I bid Duckie good night as I had him drop me off in front of my apartment complex, but as he took off, I paused near the entrance and waited patiently for his car to turn the corner before I walked down the steps briskly in my heels from the outfit I'd worn to the funeral and began marking my way across the street and up about five blocks, thankful that the rain had let up since my umbrella wasn't exactly the kind to sport a downpour. Then again, I'd welcome the rain about now, it fit my mood perfectly. I headed up the elevator to the top floor of the old brick building, passing by a few residents here and there, before stopping in front of the door marked 5B. I breathed in deeply as I pulled out the copied brass key, pressed it into the lock and with a twist the door opened.

Just as it had been nearly a week ago since I'd last been in it, untouched, still perfectly lived in, yet, the only change was the darkness, I flicked the switch on the wall and the overhead lights turned on into the small, one-bedroom apartment and noticed that Kate's never-ending stack of mail was still laying haphazardly in a pile next to the door on the small cubby, I placed my keys down beside it and locked the door behind me. It was so quiet, _serene_ as Kate always loved to put it, there were still a few dishes left to be washed, a cereal bowl, no doubt from the last time Kate had eaten in her apartment before...

"You're welcome to sell it, y'know,"my tear-streaked face followed the sound of the hollowed, yet familiar voice and my eyes landed on Kate. I smiled, weakly, her vision was still so clear, I remembered every detail of the way her hair fell around her face, framing its heart-shape, the way her full lips quirked up a little higher on the left, into a beautiful smirk with a dimple and her eyes... So expressive.

"I can't do that, Kate,"I whispered, my voice hoarse, raw from crying so much these past few days.

Kate walked over to me and despite wearing heels herself, they made no sound against the woodgrain floor as she came to me and tried to wrap her arms around my waist.
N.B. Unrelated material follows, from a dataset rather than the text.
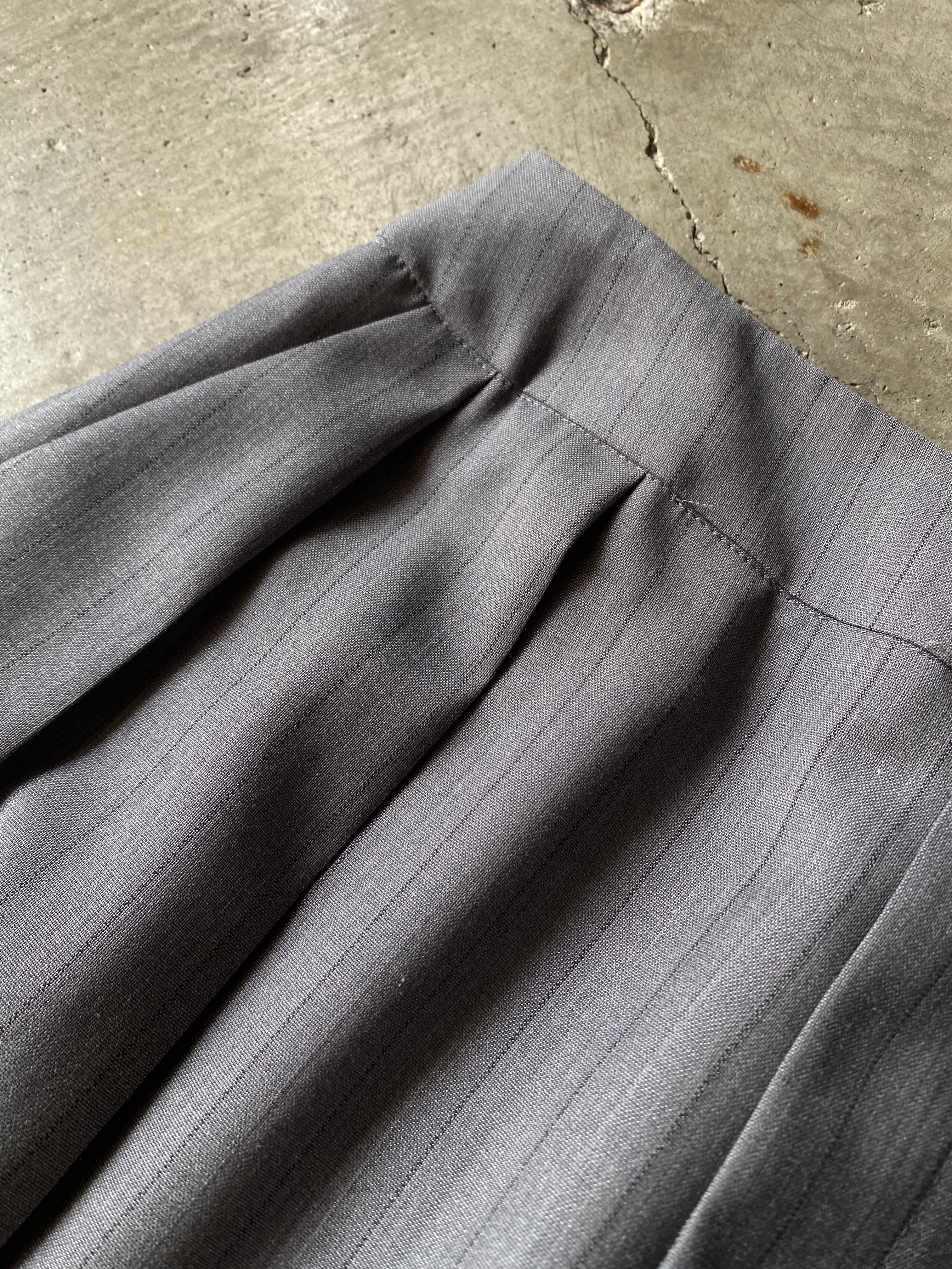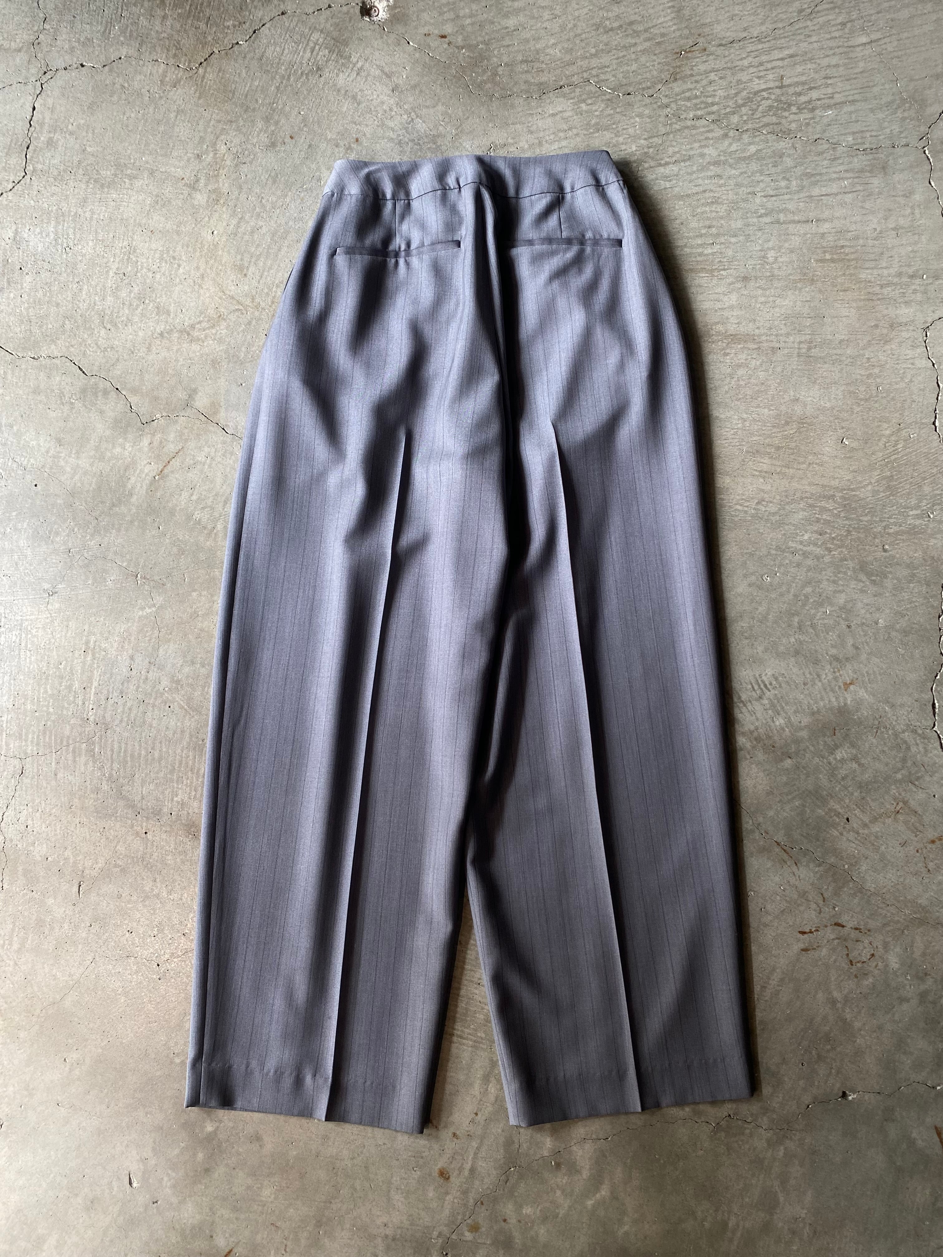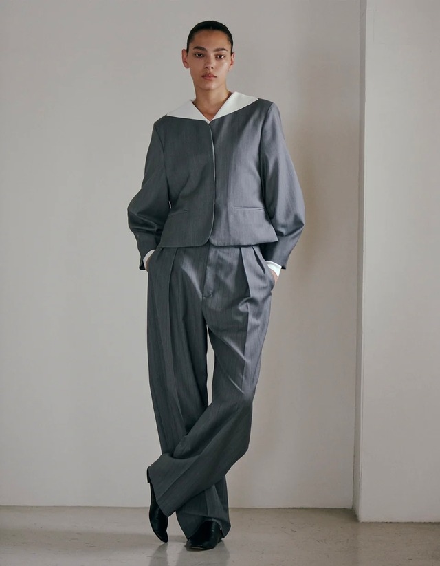 夏用の薄手平織梳毛を使用し、素材が持つ通気性と軽やかさを最大限に引き出したタックトラウザー。

No matter how real the vision, I felt nothing, I merely stood there, trying to retain my calm as I fought for control over my emotions.

"I can't do that, this place is ours.. its yours and mine- and-"

"And you probably wont be able to find much courage to set foot in here but maybe oh, never again?"Kate retorted knowingly, stepping back, I stared at her reflection, her ghost as I could only think of calling it. Wearing her comfortable jeans, and a beautiful black v-neck sweater that I always loved on her figure. The necklace I'd given her, and placed in her coffin, hung loose around her neck. Her near-golden eyes pierced through me. "Abby, sweetheart, you need to just get what you can, give my mother what she'd asked for and then keep the rest and let someone else have the apartment, its just a space-"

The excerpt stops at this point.